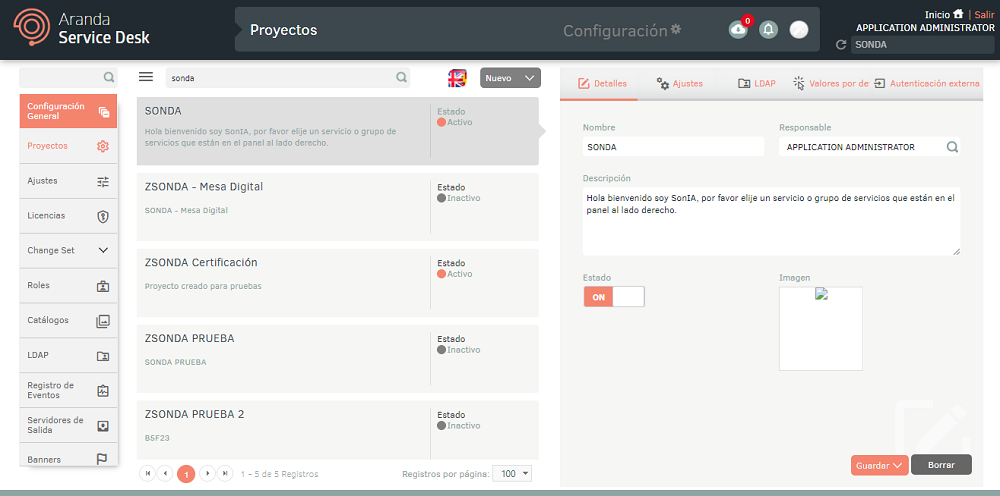 1. Para executar a configuração de integração de um projeto, acesse o Console de Administração do ASMS, na seção Configurações gerais No menu principal, selecione o ícone Projetos. Na visualização de informações, selecione um registro na lista de projetos.
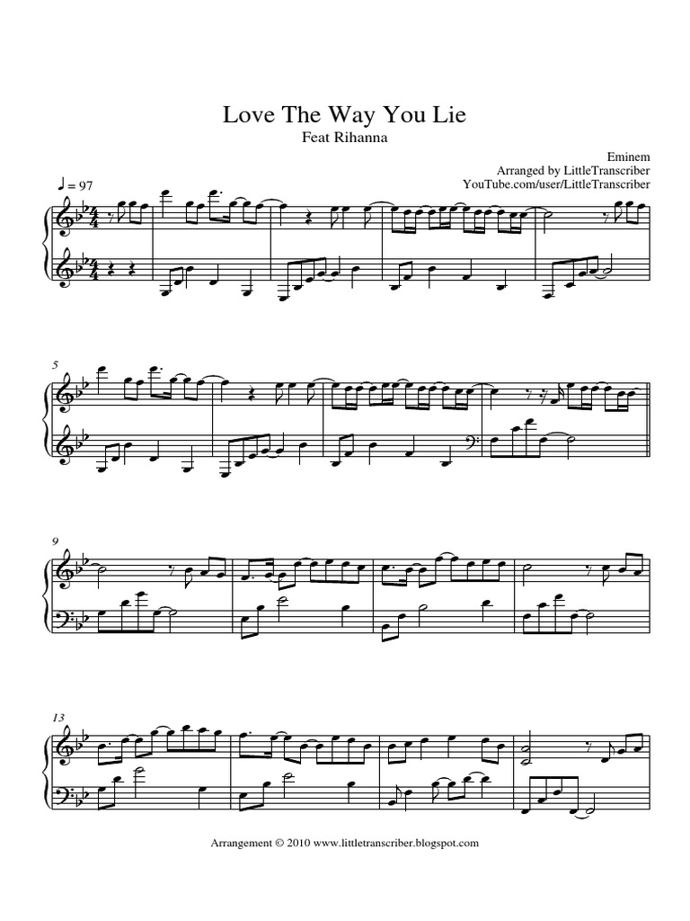 Love The Way You Lie Part 2 Rihanna Feat Eminem Piano Plateau
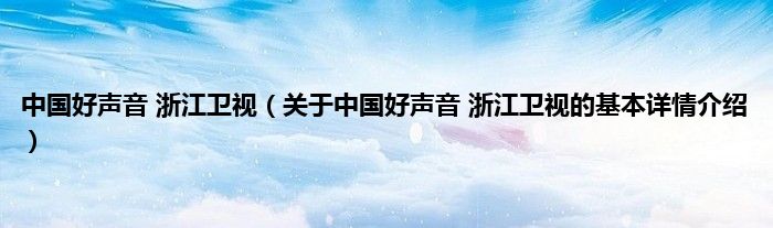 本文关于中国好声音 浙江卫视的基本详情介绍就讲解完毕,希望对大家有所帮助。
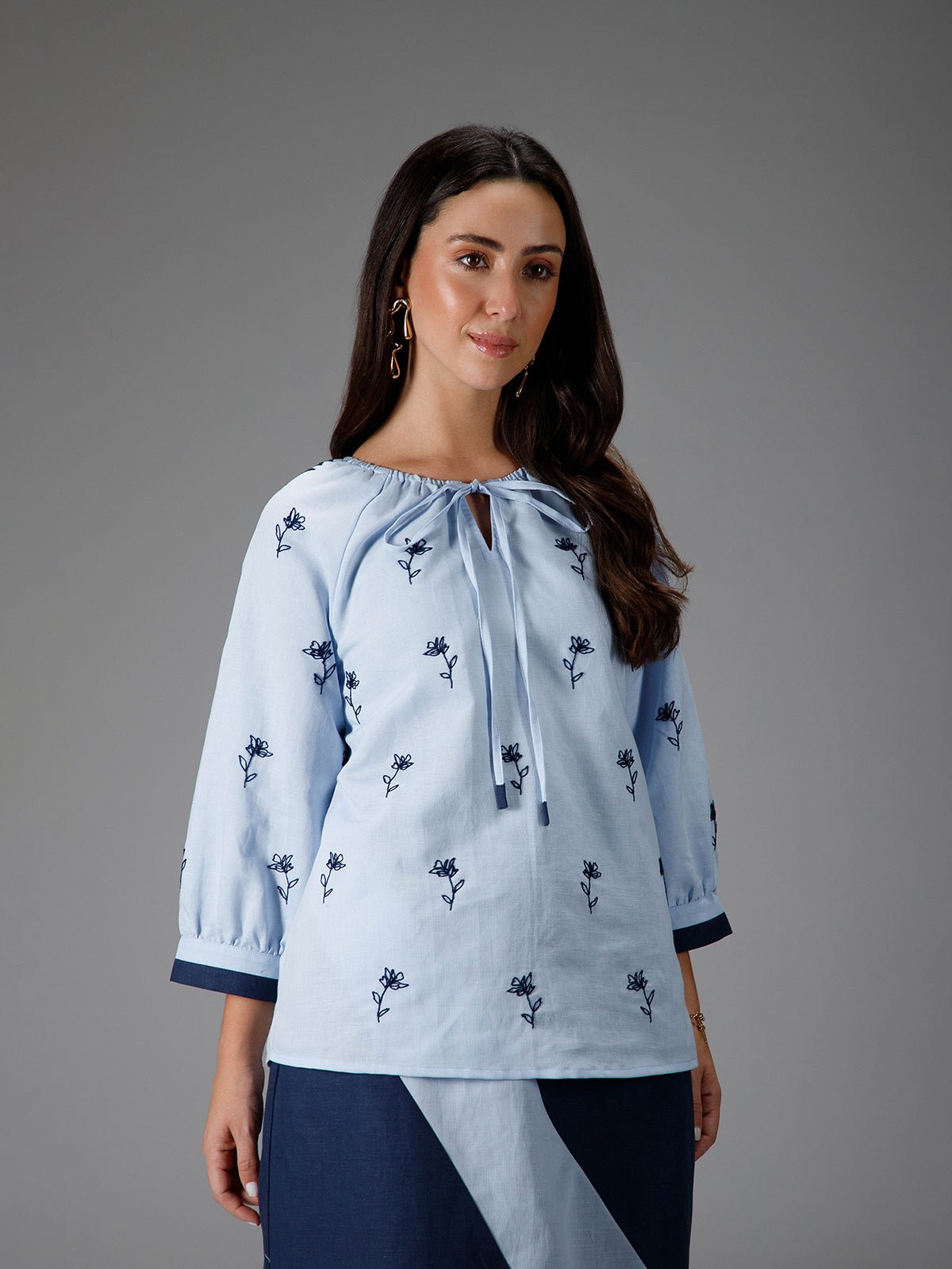 B77 AZURE - Contrast Embroidered Top - Suspire
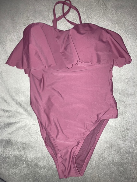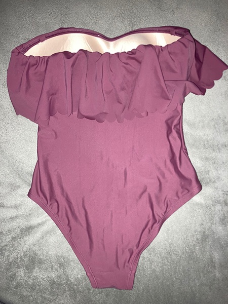 Brand is Kona Sol, size is medium (8-10), color is mulberry. Flounce front, removable straps, sewn in cups, medium coverage. New with tags from smoke free home. $10
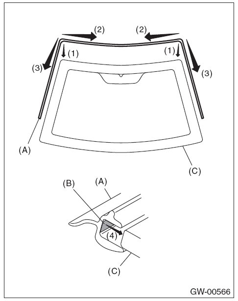 1. Align the molding (A) with both ends of the upper edge of the windshield glass (C).
+===+
● WHAT TO PRODUCE
Nothing but an exact copy of the data above, minus its pictures, should appear in the response.

● YOUR RESPONSE
 1. Para executar a configuração de integração de um projeto, acesse o Console de Administração do ASMS, na seção Configurações gerais No menu principal, selecione o ícone Projetos. Na visualização de informações, selecione um registro na lista de projetos.
 Love The Way You Lie Part 2 Rihanna Feat Eminem Piano Plateau
 本文关于中国好声音 浙江卫视的基本详情介绍就讲解完毕,希望对大家有所帮助。
 B77 AZURE - Contrast Embroidered Top - Suspire
 Brand is Kona Sol, size is medium (8-10), color is mulberry. Flounce front, removable straps, sewn in cups, medium coverage. New with tags from smoke free home. $10
 1. Align the molding (A) with both ends of the upper edge of the windshield glass (C).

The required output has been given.